When Saunders pushed back and said he would not stop, Dr. Calderon “stormed out of the room, flipping off the light on his way out, leaving [Saunders] sitting there by himself.”
In the hallway, Saunders encountered Dr. Calderon again, who blocked his path, pointed a finger in his face and said “You should get a [disciplinary report]” — a statement which Saunders interpreted as a threat should he continue pursuing treatment.
For months, Saunders continued filing grievances and Dr. Calderon kept denying them. In October 2014, Saunders visited with the health services administrator again, who “acknowledged [his] valid points and responded she would consult with Dr. Calderon on the issues.” When he asked the administrator a few days later how that went, she said “I spoke to him and pointed out your valid points but he did not want to hear it. I cannot make him do anything.”
In January 2015, desperate for some kind of recourse, Saunders wrote a grievance directly to Corizon’s corporate headquarters. The following month, he received a response that no action would be taken and that he would not hear from Corizon again.

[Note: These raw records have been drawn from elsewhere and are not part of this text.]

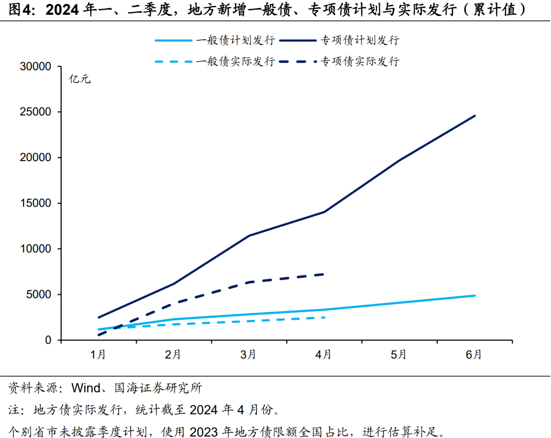 截至2024年4月底,我们统计年内新增专项债实际发行7224亿元,发行进度刚刚超过地方财政一、二季度披露的发行计划的一半,发行进度明显落后(图4)。
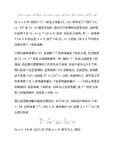 f' (x) = 0 的点是 x = 5. 由于 f 在 [2, ∞) 上连续, 10.1.1 节中的方
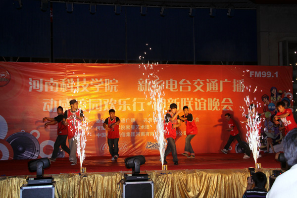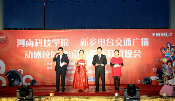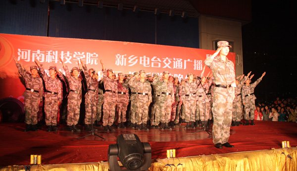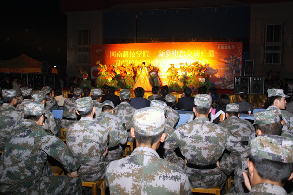 9月26日晚,我校与新乡电台交通广播联合举办的“动感校园欢乐行”迎新联谊晚会在西操场隆重举行。副校长窦玉玺、新乡广播电台台长郎东升、党委宣传部部长姚刚、艺术学院党委书记张有思、校团委书记郭立、军训团团长李强同近8000名新生一同观看了演出。
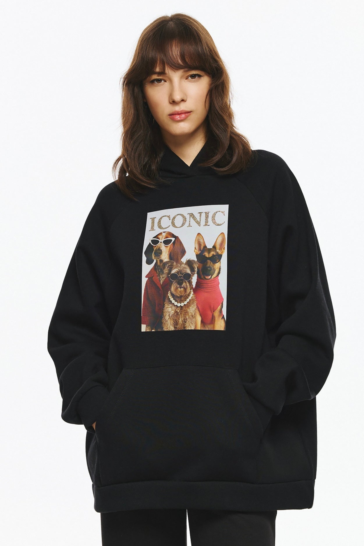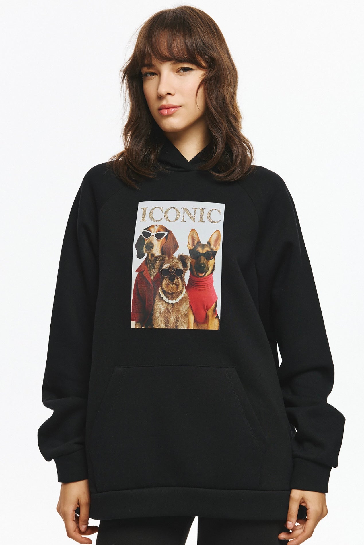 Unitee- Φούτερ Μπλούζα Μαύρο με Κουκούλα Iconic

Saunders’ story as told through his lawsuit provides a valuable glimpse at how the healthcare environment can change when an inmate’s medical needs are contracted out to a for-profit entity. What was already a situation rife with neglect and disregard for the patient becomes exacerbated by the need to maximize profits by cutting staff and denying treatments based on criteria and policies that fly in the face of basic medical ethics.
Saunders is still in prison and has not received adequate treatment for his many ailments, according to the suit.